Unconstrained handwritten document retrieval

  • Authors:
  • Huaigu Cao;Venu Govindaraju;Anurag Bhardwaj

  • Affiliations:
  • Raytheon BBN Technologies, 02138, Cambridge, MA, USA;University at Buffalo, Department of Computer Science and Engineering, 14260, Amherst, NY, USA;University at Buffalo, Department of Computer Science and Engineering, 14260, Amherst, NY, USA

  • Venue:
  • International Journal on Document Analysis and Recognition - Special issue on noisy text analytics
  • Year:
  • 2011

Quantified Score

Hi-index 0.00

Visualization

Abstract

With the ever-increasing growth of the World Wide Web, there is an urgent need for an efficient information retrieval system that can search and retrieve handwritten documents when presented with user queries.

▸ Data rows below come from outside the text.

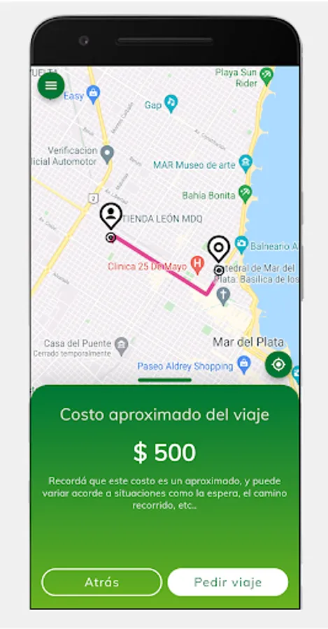 The app informs you of the mobile number, model, patent and color of the vehicle, as well as the name of the driver. Our drivers are all authorized by the Municipality of General Pueyrredón.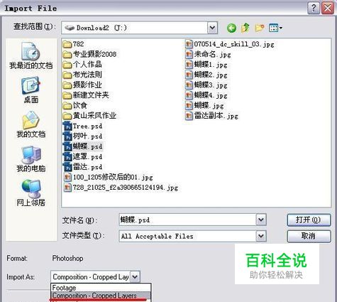 打开AE,导入“蝴蝶.psd”和“背景.jpg”。在导入做好的“蝴蝶.psd”时,“Import As”选项中选择“Composition-Cropped Layers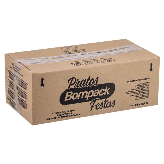 Pratos descartáveis produzidos em poliestireno (PS) da marca Bompack, com diâmetro 15cm e contendo 10 unidades por embalagem e 50 embalagens por embarque.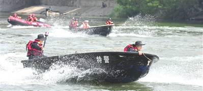 昨日,市公安局治安管理总队联动相关部门在子牙河耳闸水域组织开展2025年防汛救援暨水上突发事件应急处置联合演练。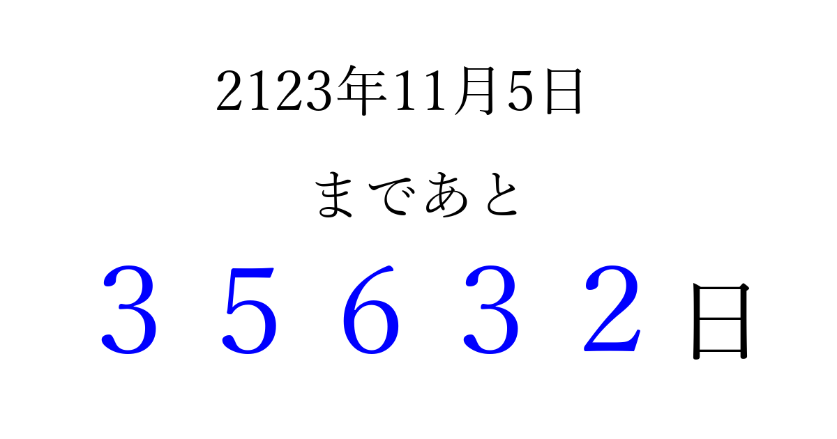 2123年11月5日(金)まで あと 99999 日です 追加すると、トップページからすぐ選べるようになります ※2026/04/15現在の結果です。 最新の状態に更新する ↓シェアして、タイムライン上にカウントダウンを表示しよう!↓ 📤 この結果を共有する Tweet シェア Threads Bluesky 別の日付でカウントダウン 2123年11月のカレンダー このページをブックマークに追加すると、いつでもカウントダウンを確認できます。 (PC: Ctrl+D / Mac: ⌘+D) hitome-notes.comでは以下のページも運営しています。 指定日と期間から日付を計算 | ガチャ確率計算・シミュレーション | プライバシー・ポリシー 運営者:Avocado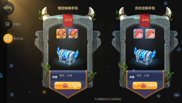 1.悟空妹礼包:悟空妹传说级的棋手加上悟空妹史诗级的头像,以前想要获取一个传说人物你要非常好的运气去扭蛋里面抽取现在就可以轻松入手,外形也非常的别致,就像西游记里的大师兄骑着二师弟非常有趣,快来购买吧这么好入手的传说棋手可不多。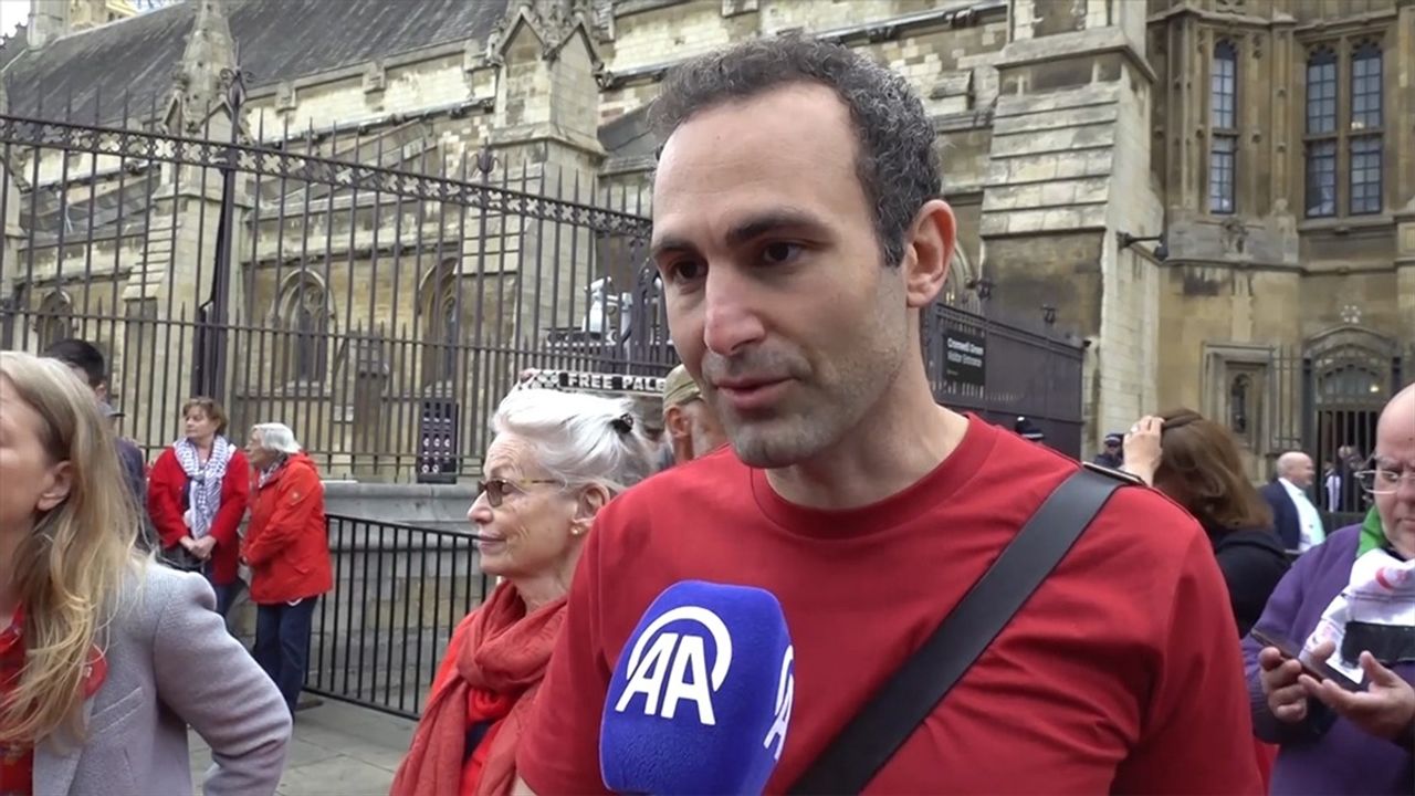 İngiltere'nin İsrail'e silah satışını protesto için göstericilerin ellerindeki metrelerce uzunluktaki kırmızı örtüyle başkent Londra'da parlamento binasının etrafında insan zinciri oluşturarak sembolik "kırmızı duvar" ördüğü eyleme katılan oyuncu Abdalla, AA muhabirine konuştu.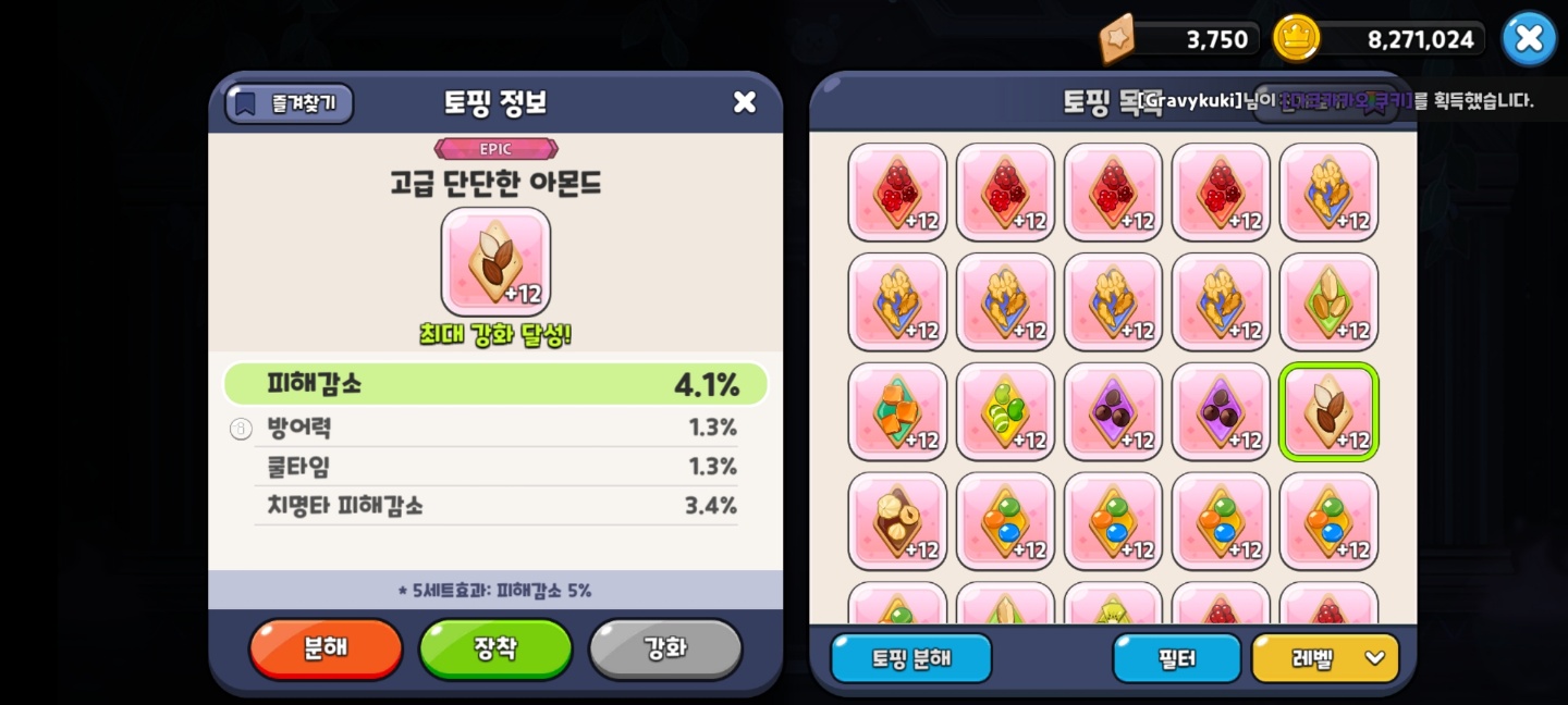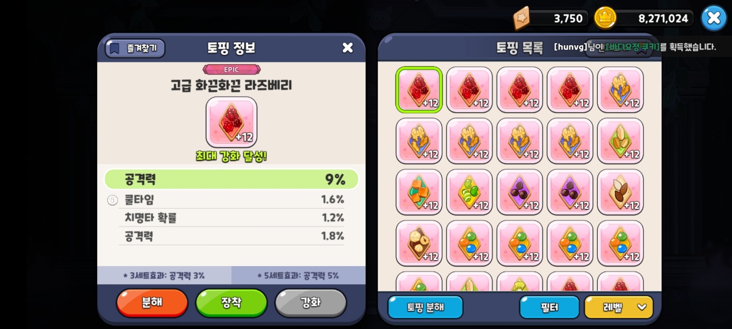 다음으로 라즈베리 토핑으로 공격력을 올려줘도 된다

However, unconstrained handwriting recognition remains a challenging task with inadequate performance thus proving to be a major hurdle in providing robust search experience in handwritten documents. In this paper, we describe our recent research with focus on information retrieval from noisy text derived from imperfect handwriting recognizers. First, we describe a novel term frequency estimation technique incorporating the word segmentation information inside the retrieval framework to improve the overall system performance. Second, we outline a taxonomy of different techniques used for addressing the noisy text retrieval task. The first method uses a novel bootstrapping mechanism to refine the OCR’ed text and uses the cleaned text for retrieval. The second method uses the uncorrected or raw OCR’ed text but modifies the standard vector space model for handling noisy text issues. The third method employs robust image features to index the documents instead of using noisy OCR’ed text. We describe these techniques in detail and also discuss their performance measures using standard IR evaluation metrics.